Support Questions
Find answers, ask questions, and share your expertise

PySpark Custom Config not being considered

PySpark Custom Config not being considered

New Contributor

I am new to PySpark. I am running below PySpark code from Zeppelin of CDP environment.
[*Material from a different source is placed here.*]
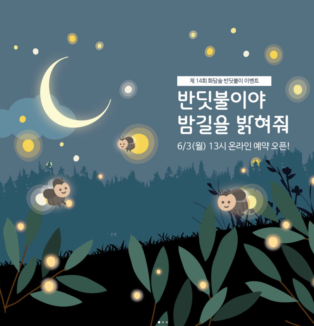 여름밤 까만 하늘을 수놓는 반딧불이를 보신 적 있으신가요? 쉽게 보기 힘든 반딧불이를 경기도 광주 화담숲에서 볼 수 있습니다. 화담숲에서는 매년 여름밤 반딧불이 이벤트를 진행하는데요. 도심에서 만나기 어려운 반딧불이를 직접 볼 수 있는 절호의 기회입니다. 까만 밤하늘의 반짝이는 별빛처럼 화담숲을 수놓는 반딧불이와 함께 한여름 밤의 찬란한 추억을 만들어 보시기를 바랍니다.

When I run the same query from hive it took 2.75 mins whereas PySpark took 11 mins.

 

Hive (running from CDP Hue): select col1,col2,col3 from db.tab1 where col5 = <value>

 

PySpark: 

%pyspark
from pyspark.sql import SparkSession
spark = (SparkSession.builder.appName("TestApp").getOrCreate())
spark.conf.set('master', 'yarn')
spark.conf.set('deploy-mode', 'cluster')
spark.conf.set('spark.default.parallelism', '24')
spark.conf.set('spark.executor.memory', '12g')#12g
spark.conf.set('spark.executor.cores', '130') #130
spark.conf.set('spark.executor.containers', '35')
spark.conf.set('spark.driver.memory', '20')
spark.conf.set('spark.checkpoint.compress', 'true')
spark.conf.set('spark.driver.maxResultSize' , '20g')
spark.conf.set('spark.dynamicAllocation.enabled','true')
spark.conf.set('spark.sh.service.enabled', 'true')
spark.conf.set('spark.sql.orc.impl', 'native')
spark.conf.set('spark.sql.hive.convertMetastoreOrc', 'true')
spark.conf.set('spark.sql.broadcastTimeout', '36000')

 

df1 = sqlContext.sql("select * from db.tab1")
df1.select("col1", "col2","col3").where("col5 = <value>").show(5)

 

I see in the YARN, PySpark Application is not using the custom configuration specified.

 

I have followed the below link to specify the Spark run config:

https://stackoverflow.com/questions/37871194/how-to-tune-spark-executor-number-cores-and-executor-me...

 

Am I missing something?

1 REPLY 1

Re: PySpark Custom Config not being considered

Contributor

Hi @SudEl 

 

Please try to modify required parameters (memory and other tuning parameters)  in spark interpreter.